PROVIDED DATA ->
"""

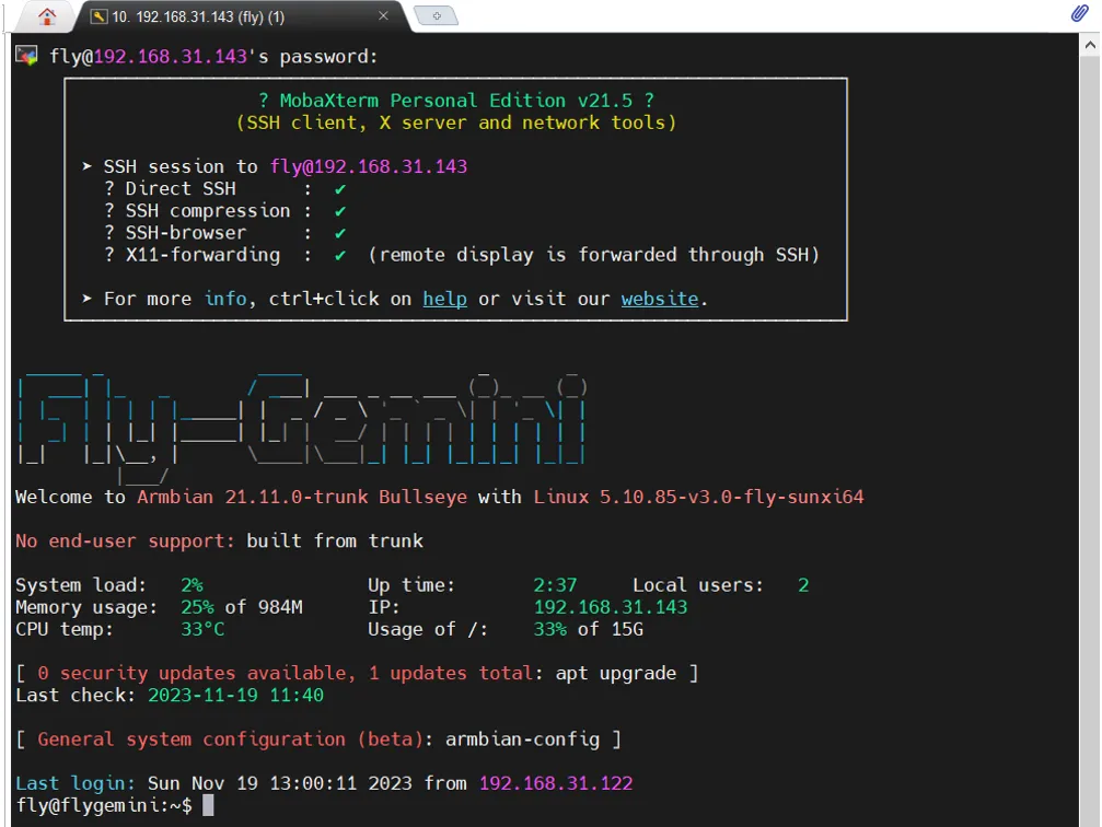 - 上位機のユーザー名とパスワードを確認してください、FLYシステムのデフォルトユーザー名はfly、デフォルトパスワードはmellowです
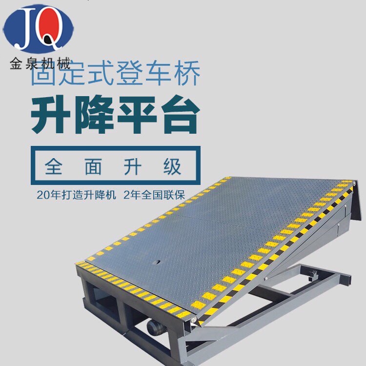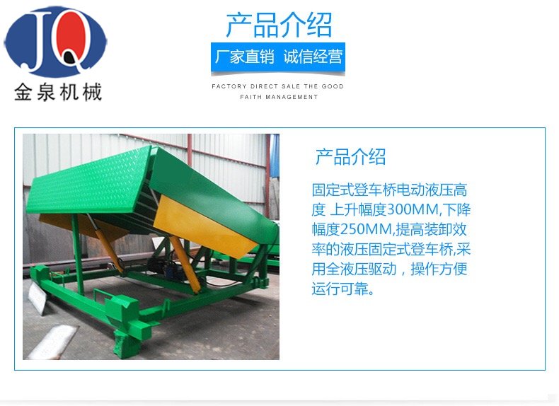 固定液壓登車橋是用于叉車與貨車之間的搭橋設備,方便裝卸貨物。液壓登車橋在現代物流現場已是一非常易見的結構 形式。它是企業物流鏈的起點與終點,是企業快速、安全周轉產品及貨物的一個裝卸貨操作平臺。 裝卸貨操作平臺的高度固定,但來往運輸車廂的廂地高度不一,運輸車輛與裝卸貨站臺之間總是形成一定的高度落差或間隙。造成搬運叉車不能進出運輸車輛直接裝卸貨物。運用登車橋提供可靠的連接。使搬運叉車能夠安全、快速地進出運輸車輛進行裝卸貨作業。
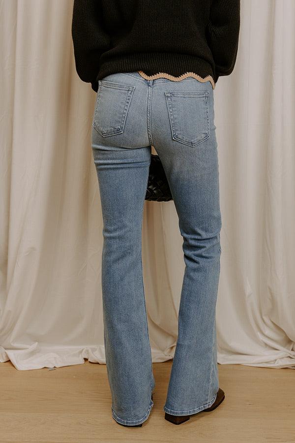 - Step into effortlessly chic style with these skinny flare jeans! Their flattering fit hugs your curves while the subtle flare adds a trendy twist, making them a must-have for casual and polished looks alike. - Unlined stretchy denim material with subtle fading - Belt loops - A hidden zip fly and button closure - Functional front and back pockets - A skinny flare silhouette that ends in straight hemlines
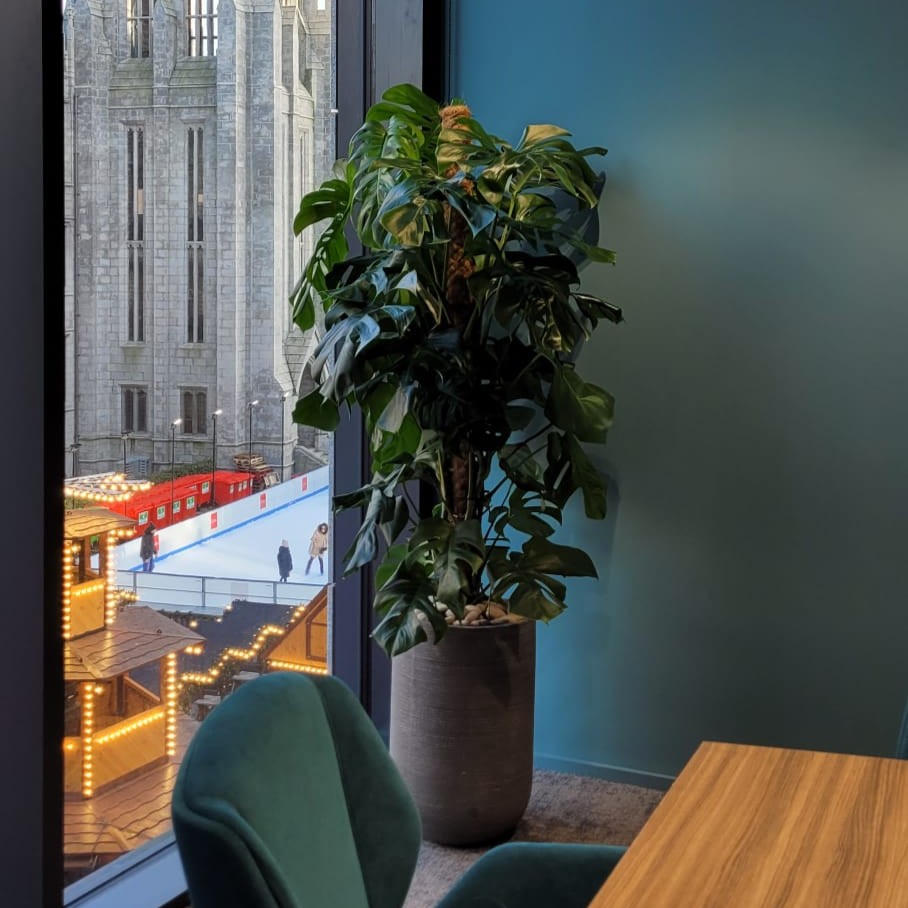 A live monstera on a moss pole sits in a boardroom at Peterson's in Aberdeen

"""

ASSIGNMENT ->
Exactly the lines from the one with "- Step into" to the last line of the listing are wanted, both ends included and pictures excluded.

OUTPUT FOR THIS EXERCISE ->
 - Step into effortlessly chic style with these skinny flare jeans! Their flattering fit hugs your curves while the subtle flare adds a trendy twist, making them a must-have for casual and polished looks alike. - Unlined stretchy denim material with subtle fading - Belt loops - A hidden zip fly and button closure - Functional front and back pockets - A skinny flare silhouette that ends in straight hemlines
 A live monstera on a moss pole sits in a boardroom at Peterson's in Aberdeen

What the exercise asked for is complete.